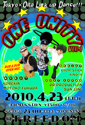 『ONE UNITY』 @FREEDOM 23:00OPEN ¥1,500-+1D DEEJAY CHOPSTICK KING-K HOST SOUND DR-PRODUCTION SUNLINE GUEST KOREKIN MOTOKO FUKUDA
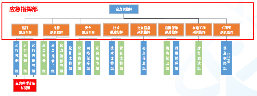 應急指揮部是電廠應急響應的“大腦”,它充分掌握電廠應急響應處置活動,并做出正確的指揮;各應急專業組是電廠應急響應的“四肢”,它們根據應急指揮部的指令開展應急響應活動。
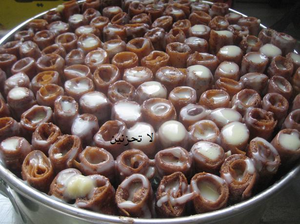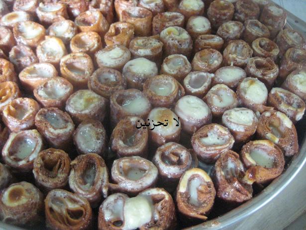 نخلط نصف كاس شيرا مع نصف علبة الحليب المحلى المركز في وعاء ونغطسهم فيها
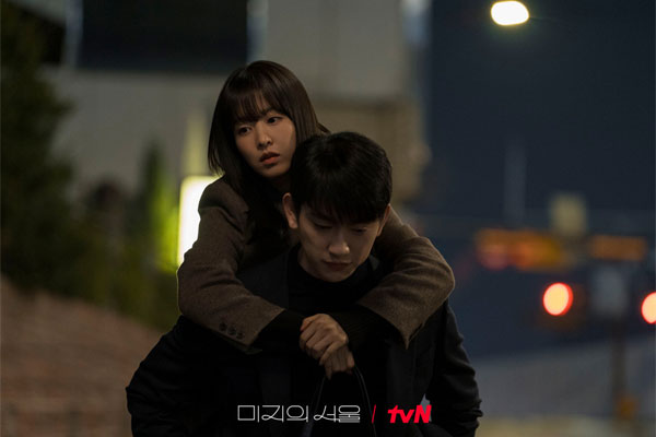 <미지의 서울>은 일란성 쌍둥이인 미지와 미래가 서로의 삶을 바꿔 살아보게 되면서 벌어지는 사건을 다룬 작품이다. 자신을 챙겨줬던 선배가 회사 내 비리를 폭로해 왕따를 당하자 사내고발을 한 후 직장 내 괴롭힘에 죽고 싶을 정도로 절망의 끝에 서 있던 미래였다. 멘탈 강하고 씩씩한 미지가 미래와 삶을 바꿔 살아보기로 한 것이고, 그래서 그들은 서로 다른 삶 속으로 들어가게 된다. 이 설정은 그다지 현실성 있는 이야기는 아니지만, 이 판타지를 통해 드라마가 보여주려는 건 분명하다. 타인의 삶 속에 들어가 발견하게 되는 진심을 보여주려는 것이고, 그 진심을 얼마나 막 대하고 심지어 이용하려는 무례한 세상을 말하기 위함이다.
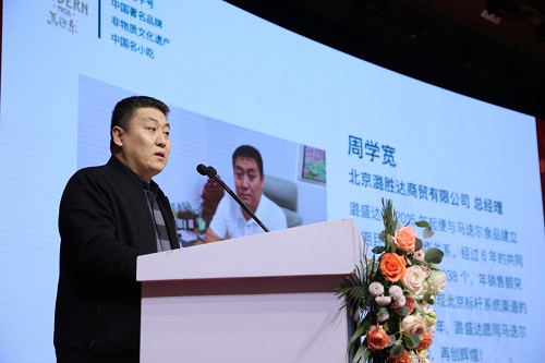 馬迭爾食品公司優(yōu)秀經(jīng)銷商代表——北京潞勝達商貿(mào)有限公司總經(jīng)理周學(xué)寬向來賓分享北京市場運營經(jīng)驗,幫助經(jīng)銷商了解行業(yè)動態(tài),表明馬迭爾為經(jīng)銷商終端賦能的動作和決心。
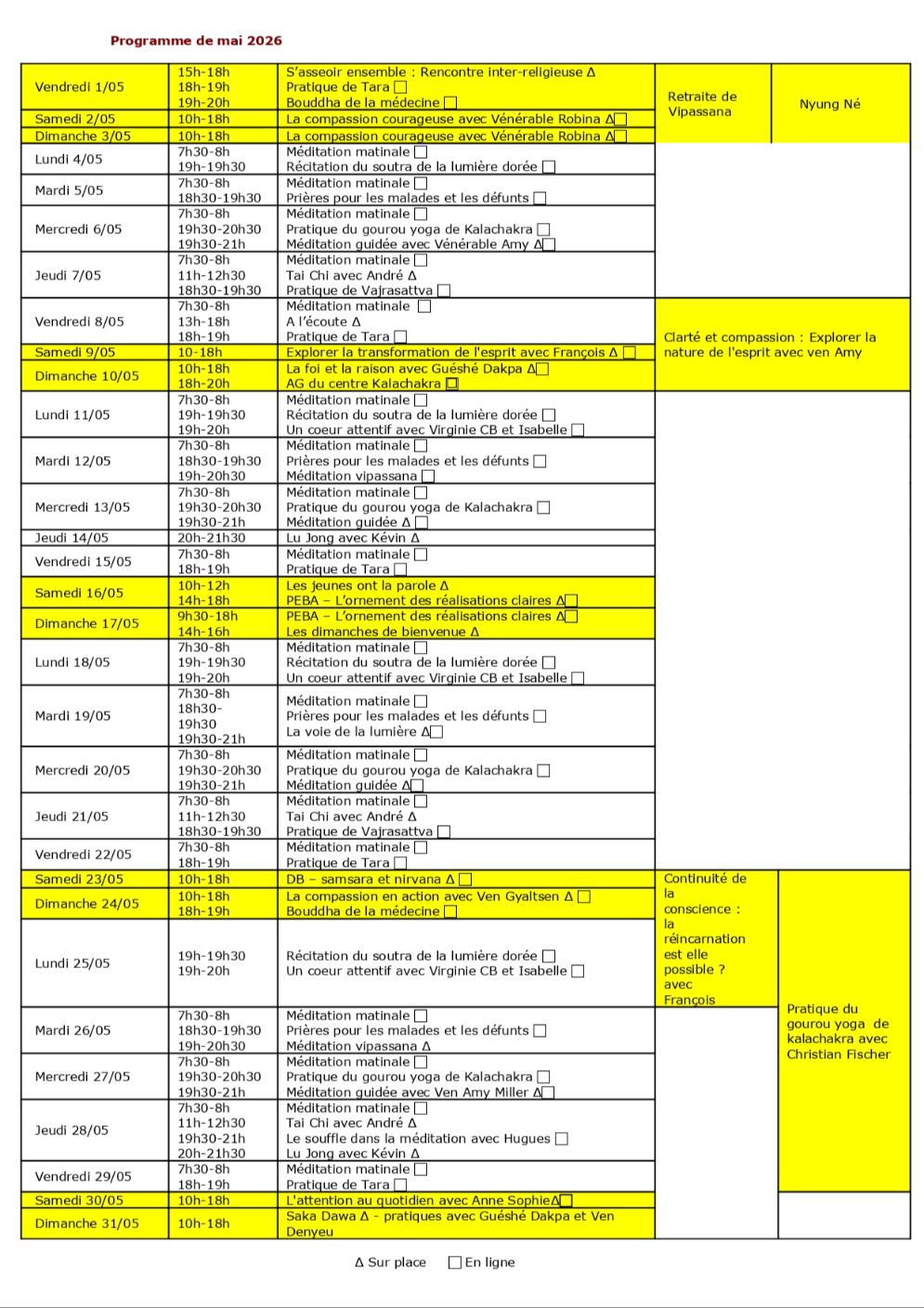 Le soir du 10 mai, c'est l'AG du centre Kalachakra sur zoom. Si vous êtes membre, c'est le moment de nous réjouir de tout ce qui a été accompli et pour échanger sur la vie de l'association, entendre les projets, nous faire un retour sur ce que vous avez apprécié ou souhaitez changer.
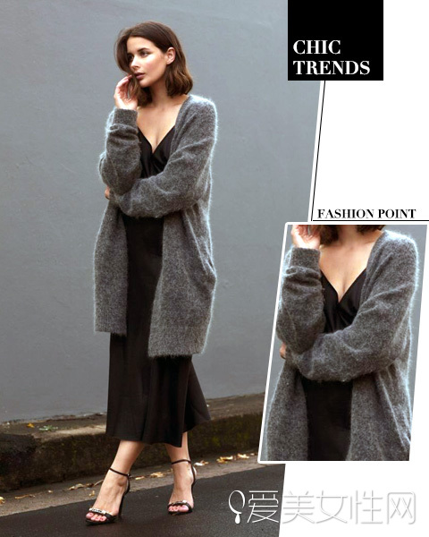 长毛衣外套搭长裙满满的女人味,稳重的深灰和黑色低调优雅,小露肉性感显瘦~
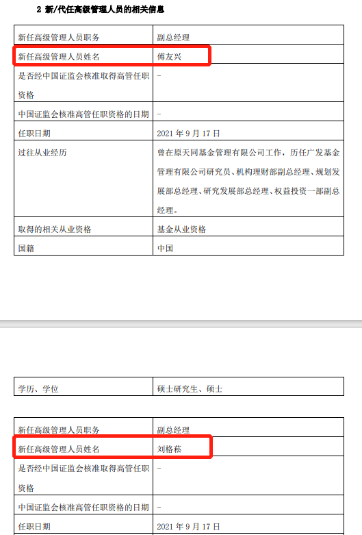 又有知名基金经理跻身公司高管队伍。今日,广发基金发布公告,提拔傅友兴、刘格菘升任公司副总经理。
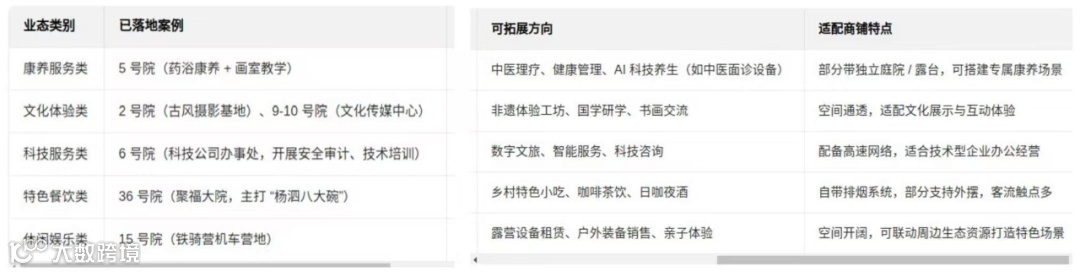 2号院(古风摄影基地)、5号院(药浴康养+画室教学)、6号院(科技公司办事处)、9-10号院(文化传媒中心)、15号院(铁骑营机车营地)、36号院(聚福大院四合院餐厅)等核心商铺已完成业态布局,正式营业
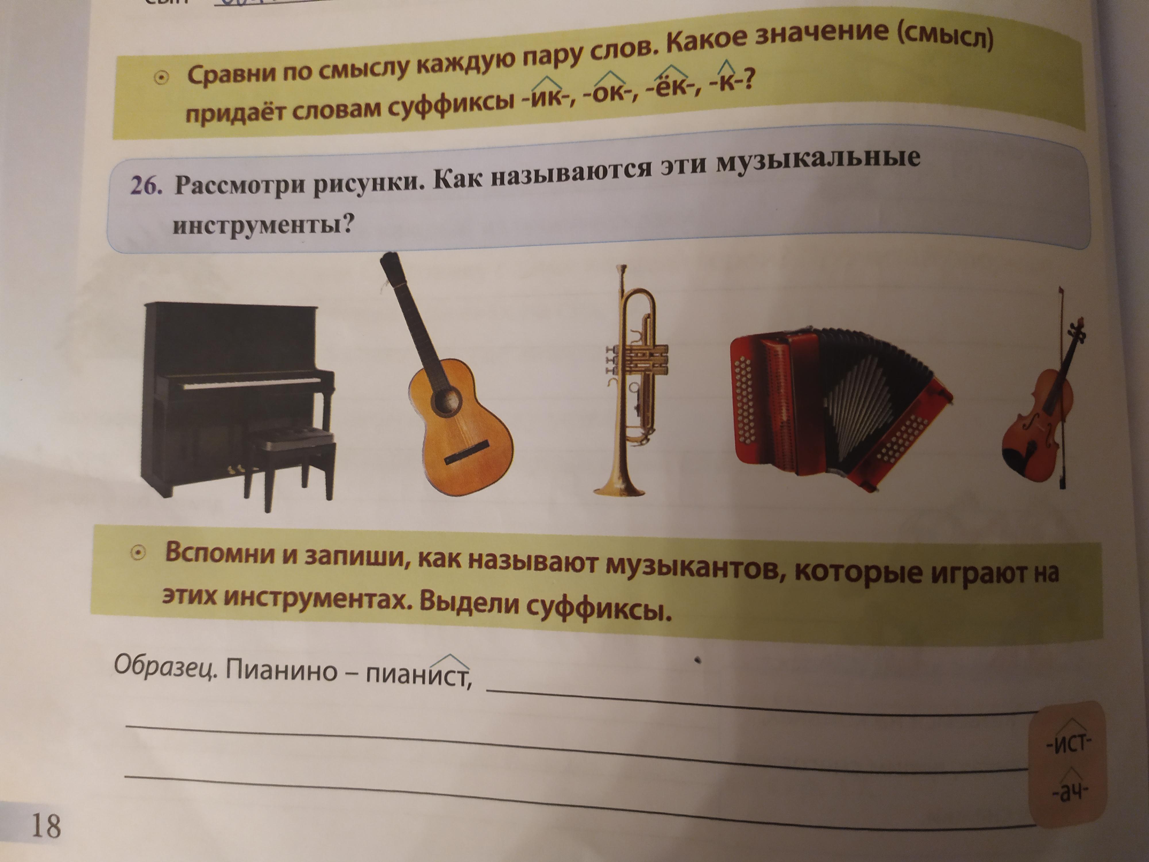 гитарист - суффикс ист, трубач - суффикс ач, баянист - суффикс ист, скрипач - суффикс ач

·····

** How to complete this task **
Reproduce, word for word, the lines from the one containing "长毛衣外套搭长裙满满的女人味,稳重的深灰和黑色低调优雅,小露肉性感显瘦~" to the end of the material, both ends included. No picture is copied.

** Answer to the problem **
 长毛衣外套搭长裙满满的女人味,稳重的深灰和黑色低调优雅,小露肉性感显瘦~
 又有知名基金经理跻身公司高管队伍。今日,广发基金发布公告,提拔傅友兴、刘格菘升任公司副总经理。
 2号院(古风摄影基地)、5号院(药浴康养+画室教学)、6号院(科技公司办事处)、9-10号院(文化传媒中心)、15号院(铁骑营机车营地)、36号院(聚福大院四合院餐厅)等核心商铺已完成业态布局,正式营业
 гитарист - суффикс ист, трубач - суффикс ач, баянист - суффикс ист, скрипач - суффикс ач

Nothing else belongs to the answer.